Lithium bromide is an essential ingredient in the operation of absorption chillers; however, it is a very corrosive salt capable of destroying various metals in the machine. Here is some helpful information for

Avoiding Problems from Lithium Bromide in Absorption Chillers


ABSORPTION REFRIGERATION is an excellent central air-conditioning method for plants that have excess boiler capacity to provide the steam needed to drive the chiller. Absorption chillers can deliver from 25 to 1200 tons of refrigeration.

The absorption system shown in the illustration uses water as the refrigerant. The water is flash evaporated in a vacuum to provide the necessary change in enthalpy for cooling a chilled-water loop. Chilled water entering the absorber at ambient (or lower) temperatures is optimally cooled to 44 F.

                                     Lithium Bromide refrigeration cycle diagram

If water vapor accumulates to the point at which the vacuum is diminished, the cycle will stop. Therefore, lithium bromide is added to absorb the water vapor and perpetuate the cycle.

Lithium bromide is a salt and desiccant (drying agent). The lithium ion (Li+) in the lithium bromide solution and the water molecules have a strong association, producing the absorption essential for the chiller to operate.

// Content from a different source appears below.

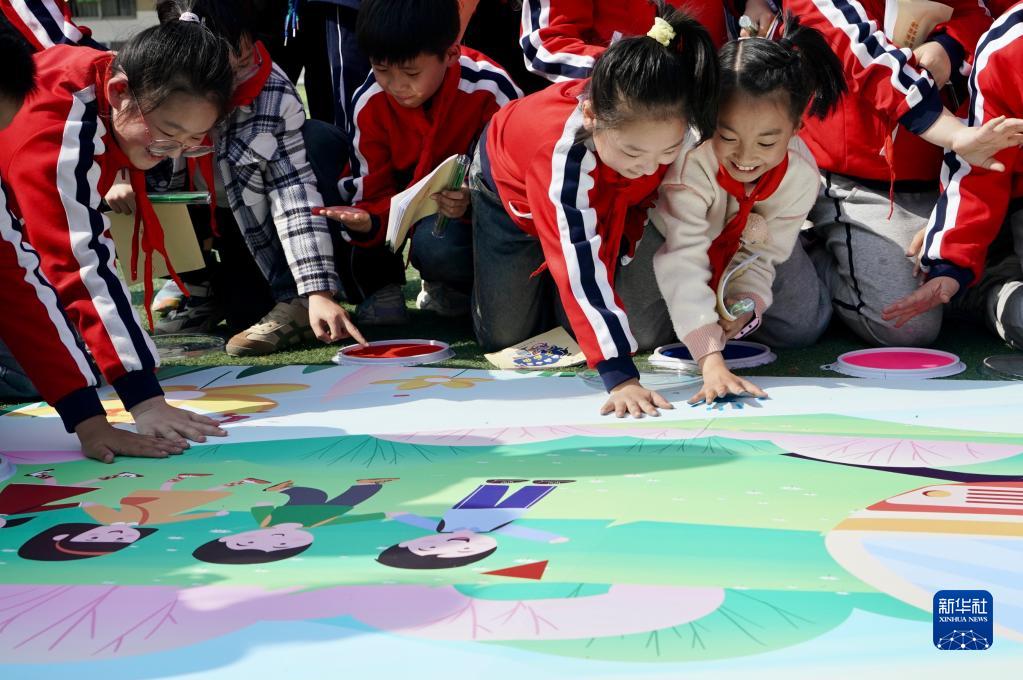 3月31日,徐州市漢橋小學(xué)的學(xué)生在“鐵路安全你我他”宣傳畫(huà)上印上手印。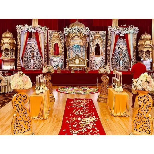 ฉากหลังแต่งงานแบบดั้งเดิมที่ดีที่สุดของอินเดียใต้ตกแต่งเวทีผ้าใยใหญ่สำหรับงานแต่งงานอินเดียใต้

Lithium bromide concentrations between 58 and 62 percent are used in absorption chillers. This range provides maximum efficiency for absorption of the flash-evaporated water. The diluted brine is then boiled to remove the excess water. The brine is returned to the system for additional absorption, the water is released for subsequent evaporation, and the cycle is completed. 

This brief explanation is obviously an oversimplification. A rather involved mechanical system is required for these actions. For example, heat exchangers optimize the energy transfer between the hot, concentrated lithium bromide that is recycling and the cooler, dilute brine that is yet to be boiled. Spray headers facilitate the flash evaporation and absorption process. Pumps move the various solutions from one point to another, and the customary assortment of valves, switches, and tube bundles are required. (See PE 3/2/78, p 65, and 9/15/77, p 169, file #2510, for a thorough discussion of absorption chillers.)

One important yet often overlooked point is that lithium bromide is very corrosive and can destroy various metals used in the absorption chiller. The relationship between lithium bromide and absorption chillers will be discussed in this three-part series. This first article analyzes the lithium bromide solution, the second will discuss corrosion and inhibitors, and the third will explain procedures for cleaning the accumulated corrosion debris from the machine.

Two Factors—Before the chemical analysis of lithium bromide can be discussed and the results interpreted, two factors must be pointed out.

First, the chemistry of the brine is important, but other factors also influence the proper operation and maintenance of a steam-absorption unit. Good mechanical procedures must always be followed. Chemical adjustment and corrosion control are essential to prevent deterioration and failure of the equipment, but they are not a substitute for proper maintenance by qualified personnel. The chemical methods supplement the mechanical ones.

Second, the key point concerning the operation and maintenance of the steam absorber is that the water is flash evaporated in a vacuum. If the vacuum is maintained and air cannot leak into the chiller, corrosion will be considerably reduced or eliminated.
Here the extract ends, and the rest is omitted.